The task: Begin at the line holding "Una refinada combinación" and set down exactly each line through the last one below, omitting pictures. Include nothing else.
-- Extracted material follows --
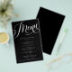 Dieses trendige Design zeichnet sich durch ein auffälliges, weißes Skript mit Schnörkeln aus. Verwenden Sie die Vorlage, um Ihre Informationen auszufüllen. Mit der Funktion "Weitere Anpassung" können Sie den Schriftart (Größe, Stil, Farbe) ändern, weitere Textzeilen hinzufügen, das Layout ändern oder Text auf der Rückseite hinzufügen. Das Papier ist ein schweres Gewicht, nicht Ihr durchschnittliches Kopierpapier. Eine großartige Wahl für ein Menü!
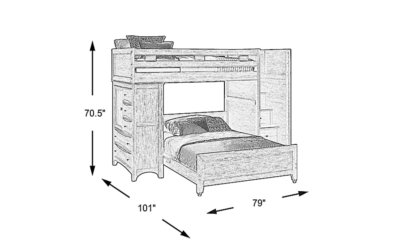Designed as a comprehensive "room solution," this loft bed is ideal for maximizing square footage in smaller suburban homes or urban apartments. It integrates a twin-size elevated bed, a mobile full-size bottom bed on casters, a five-drawer storage chest with adjustable shelves, and additional drawers built into the steps. By combining sleep, storage, and a staircase into a single 101-inch-long unit, it eliminates the need for a separate dresser and second bed frame.
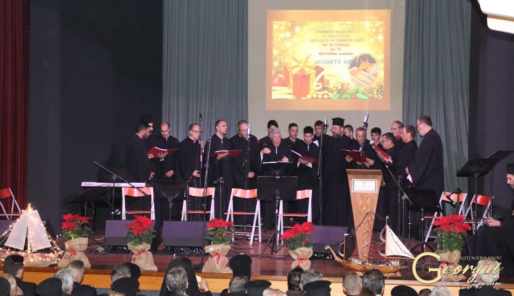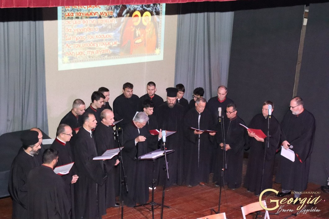 Η βυζαντινή χορωδία υπό την διεύθυνση του κυρίου Γεωργίου Παπαγεωργίου άνοιξε την εκδήλωση και κράτησε συντροφιά στους θεατές ψάλλοντας χριστουγεννιάτικους ύμνους μέσα από την ακολουθία της εορτής των Χριστουγέννων. Η παρουσίαση των ύμνων έγινε από τον κύριο Ιωάννη Γρηγορόπουλο, διδάκτωρ Θεολογίας.
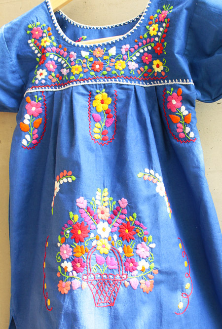 メキシコ刺繍のワンピース [120サイズネイビー]
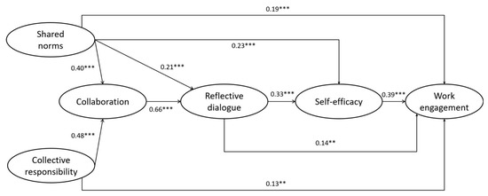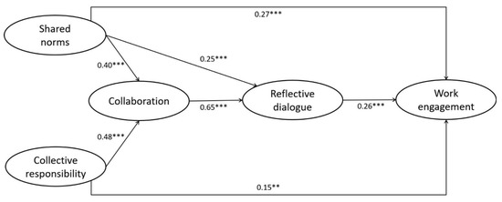 Figure 2. The relationships among the four dimensions of the professional community and teachers’ work engagement (Model 1); ** p < 0.01, *** p < 0.001.
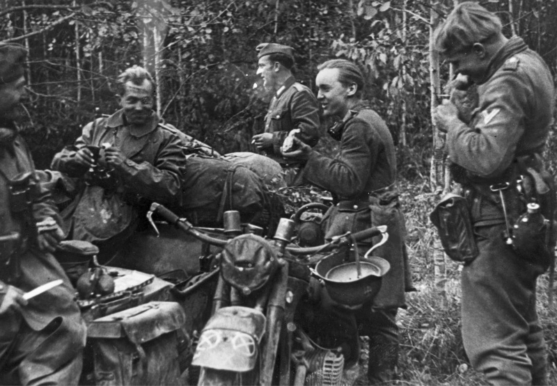 Немецкие мотоциклисты в лесу под Вязьмой. октябрь 1941
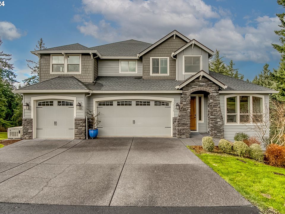 Welcome to your dream home ~ all of the work has been done! Nestled on 2 acres along a private road, this spacious craftsman residence offers the perfect blend of luxury, comfort, and tranquility. As you step inside, you'll be greeted by a stunning open great room layout, featuring a stone fireplace and a wall of windows that overlook the private backyard. The gourmet kitchen is a chef's delight, boasting a quartz island, double ovens, eating area and a convenient butler's pantry leading to the formal dining room. Ideal for entertaining guests! The primary suite is on the main floor, complete with a spacious walk-in closet & ensuite bathroom that includes both a soaking tub and walk-in shower. You will also find a versatile office or den on the main floor. Upstairs, discover 3 additional bedrooms (2 of them include walk-in closets). Complete laundry room upstairs in addition to washer/dryer hookups in the mudroom on the main floor. Plenty of easily accessible storage...the massive crawlspace is tall enough to stand up in in and has an exterior door entrance. Outdoor living is a delight with 2 decks overlooking the peaceful grounds, perfect for al fresco dining or simply relaxing. The upper deck is covered and the lower deck is complete with a remote awning for shade. Easy exterior covered storage under the decks for your lawnmower or toys. Landscaped yard, sprinkler system, 17kW backup generator & 3-car garage contribute to convenience. Don't miss the opportunity to make this exceptional property your own oasis in Oregon City.
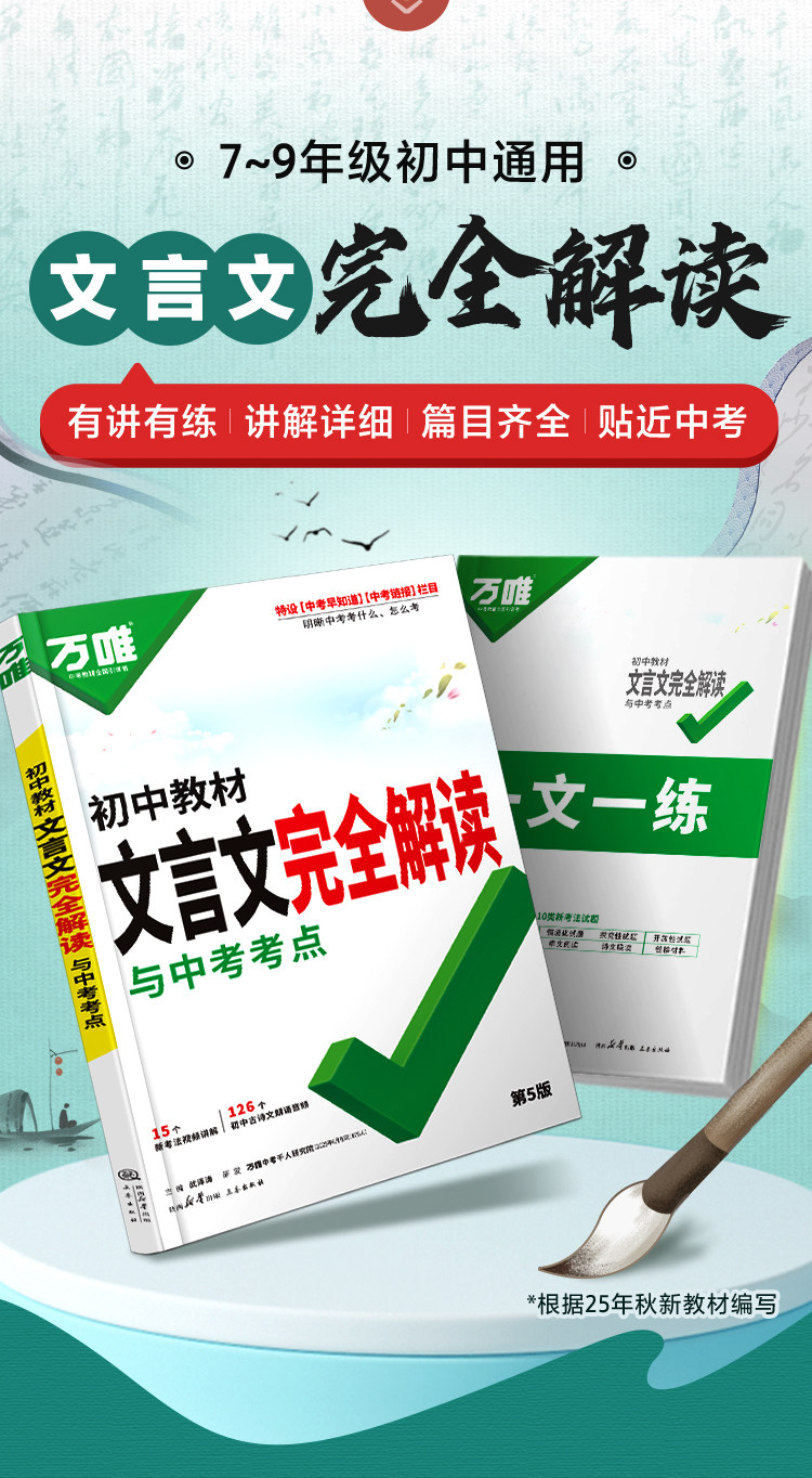 2026万唯中考初中文言文完全解读语文专项训练初一初二初三八九七年级初中必背古诗词和文言文全解一本通阅读练习训练万维旗舰店
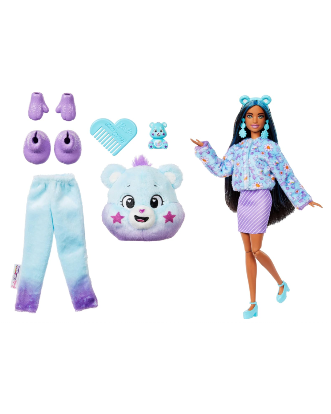 Lieferumfang Puppe, Plüschkostüm, Outfit-Teile, Kamm, Mini-Bär, Zubehör (insgesamt 10 Überraschungen)
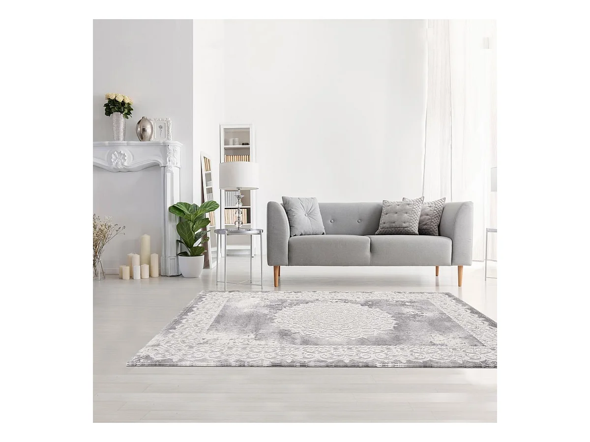 Tapis oriental 80x150 rectangle gris clair tissé motif ancestral LYN7 BALROD
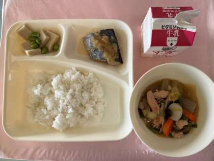 本日の献立は「さごしのおろしじょうゆかけ、さといもと野菜の含め煮、高野どうふの煮もの、ごはん、牛乳」でした。
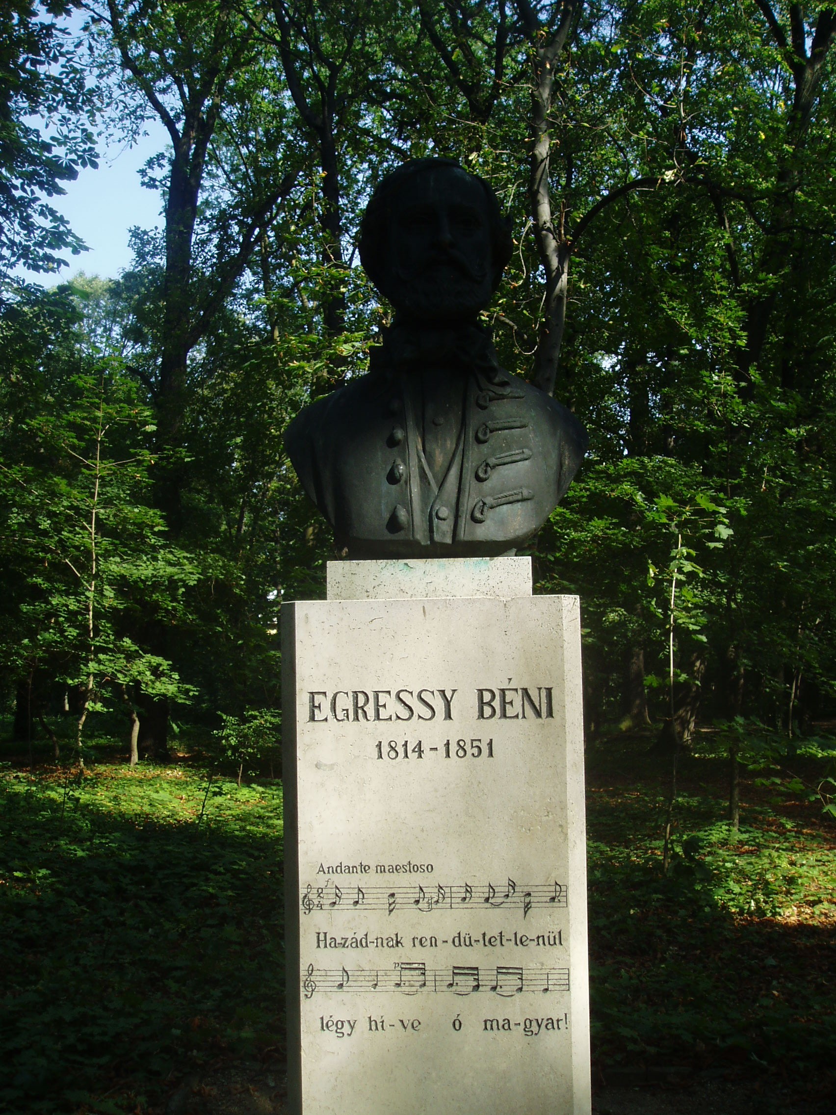 Nyilvános 1500 | 3721 | Sárospatak, Iskolakert: Egressy Béni szobra | A Református Kollégium (lásd: Sárospatak, Rákóczi u. 1.) bejáratával szemben találjuk az Iskolakertnek nevezett parkot. Az 1980-as években természetvédelmi területté nyilvánított Iskolakert sajátos nemzeti érték, mely egyedülálló az országban. Sétányai mentén Patakhoz kötődő jeles személyiségek szobrai állnak. A képen Egressy Béni bronz mellszobra látható. Kelemen Kristóf alkotását 1989-ben, a Szózat zeneszerzője születésének 175. évfordulója alkalmából avatták fel. Talapzatán hangjegyekkel és szöveggel a Szózat első két sora látható. Egressy Béni 1828–1831 között volt a kollégium diákja. Szobrának felállítását Béres Ferenc (1922–1996) énekművész kezdeményezte; ma már az ő szobra is az Iskolakertben áll, ugyanezen az oldalon. A fénykép 2007 augusztusában készült. Felh. irod.: Látnivalók Borsod-Abaúj-Zemplén megyében. Miskolc, Well-PRess, 1995 www.sarospatak.hu/nevezetessegek |
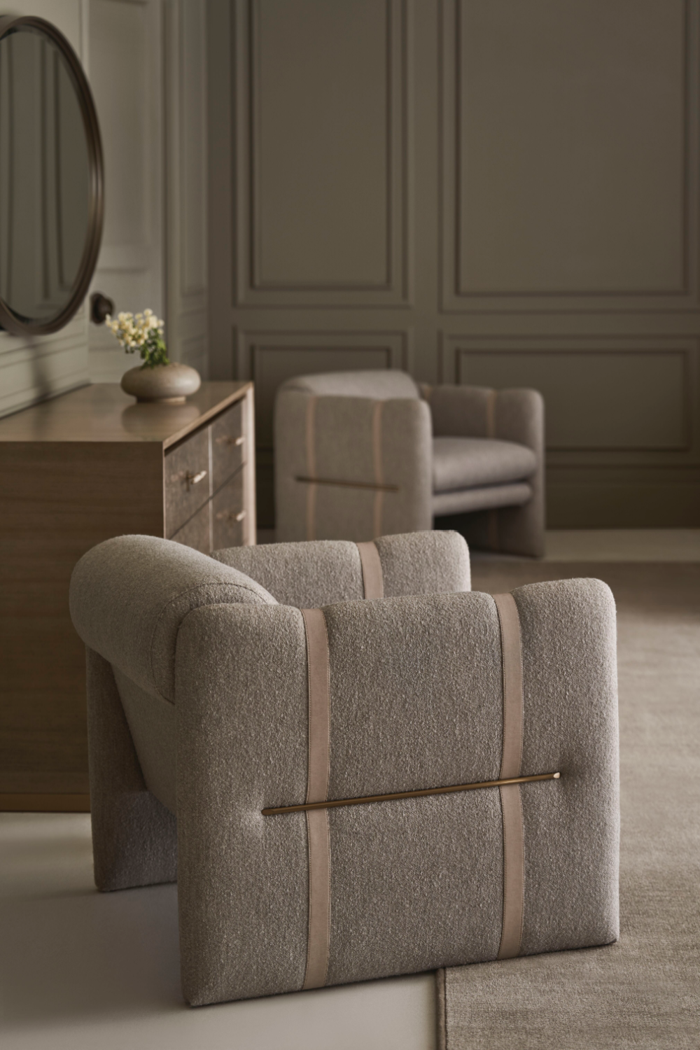 Una refinada combinación de materiales, la cómoda Hang Up fusiona la belleza de la madera con el atractivo del metal. Atrae la atención: los frentes de los cajones con un ambiguo pan de metal roto que adquiere el brillo de una ventana cubierta de escarcha e iluminada por velas. Un marco metálico empotrado añade profundidad y dimensión, complementado por tiradores cónicos envueltos en piel sintética cosida a mano, y acentuados con detalles en oro y níquel cepillados. Presenta interiores pintados en lino con divisores en el cajón superior y una bandeja para joyas extraíble.
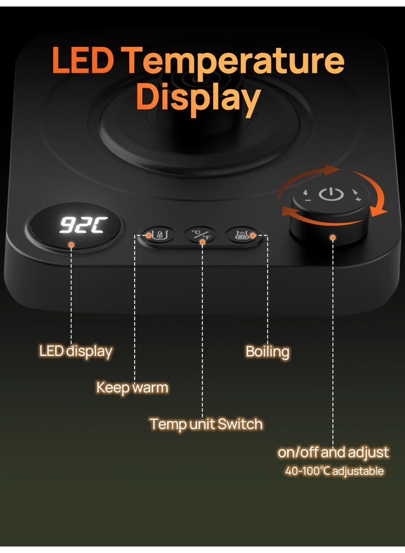 Precise Temperature Control: Set the perfect temperature for your coffee or tea with the easy-to-use display and temperature control feature.
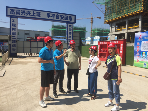 李主席一行到达施工现场,参观了工地,仔细询问了项目概况以及目前施工进度、质量、安全等方面情况,听取了项目工会主席创建“工人先锋号”汇报,对项目班子以“一流工作、一流服务、一流业绩、一流团队”为目标的创建活动给予了肯定,鼓励项目部继续完善,争创集团“工人先锋号”工程。
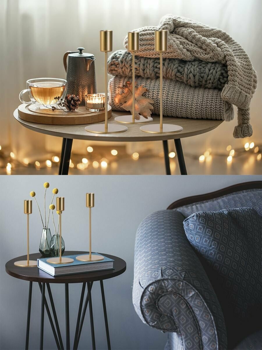 10 цен на Подсвечник металлический золотой набор для интерьера 3 шт
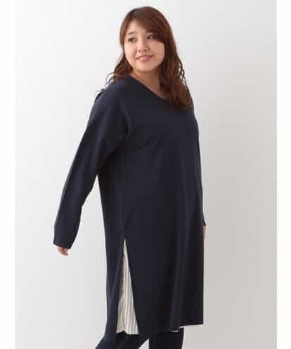 【大きいサイズ】サイドスリットワンピース ネイビー 1
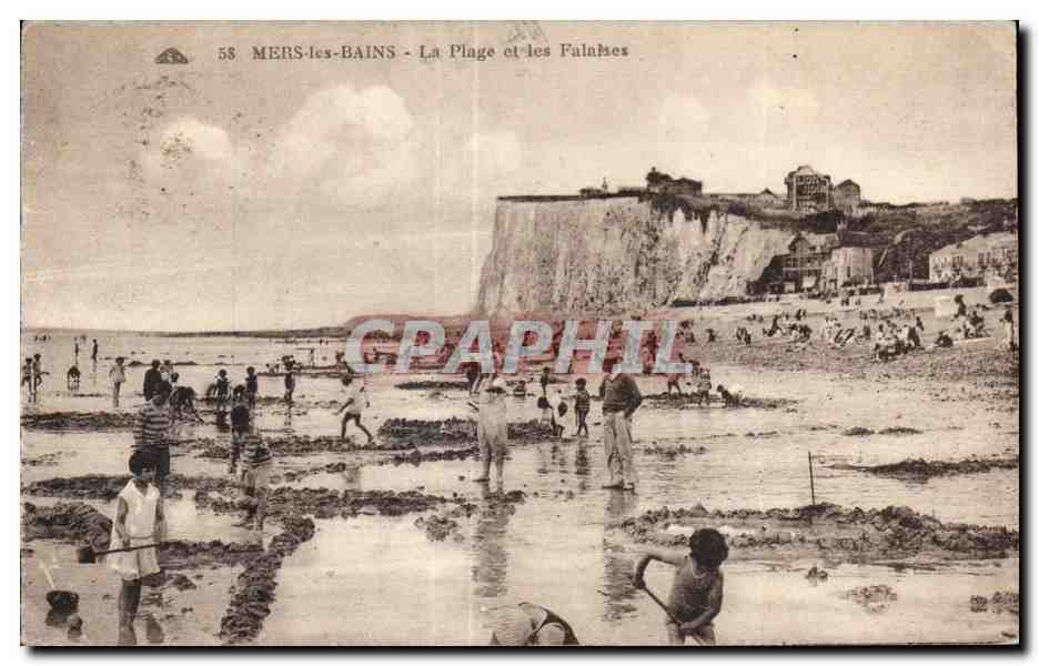 Old Postcard Mers Les Bains Beach and Cliffs
-- Extracted material concluded --
Task answer:
 Una refinada combinación de materiales, la cómoda Hang Up fusiona la belleza de la madera con el atractivo del metal. Atrae la atención: los frentes de los cajones con un ambiguo pan de metal roto que adquiere el brillo de una ventana cubierta de escarcha e iluminada por velas. Un marco metálico empotrado añade profundidad y dimensión, complementado por tiradores cónicos envueltos en piel sintética cosida a mano, y acentuados con detalles en oro y níquel cepillados. Presenta interiores pintados en lino con divisores en el cajón superior y una bandeja para joyas extraíble.
 Precise Temperature Control: Set the perfect temperature for your coffee or tea with the easy-to-use display and temperature control feature.
 李主席一行到达施工现场,参观了工地,仔细询问了项目概况以及目前施工进度、质量、安全等方面情况,听取了项目工会主席创建“工人先锋号”汇报,对项目班子以“一流工作、一流服务、一流业绩、一流团队”为目标的创建活动给予了肯定,鼓励项目部继续完善,争创集团“工人先锋号”工程。
 10 цен на Подсвечник металлический золотой набор для интерьера 3 шт
 【大きいサイズ】サイドスリットワンピース ネイビー 1
 Old Postcard Mers Les Bains Beach and Cliffs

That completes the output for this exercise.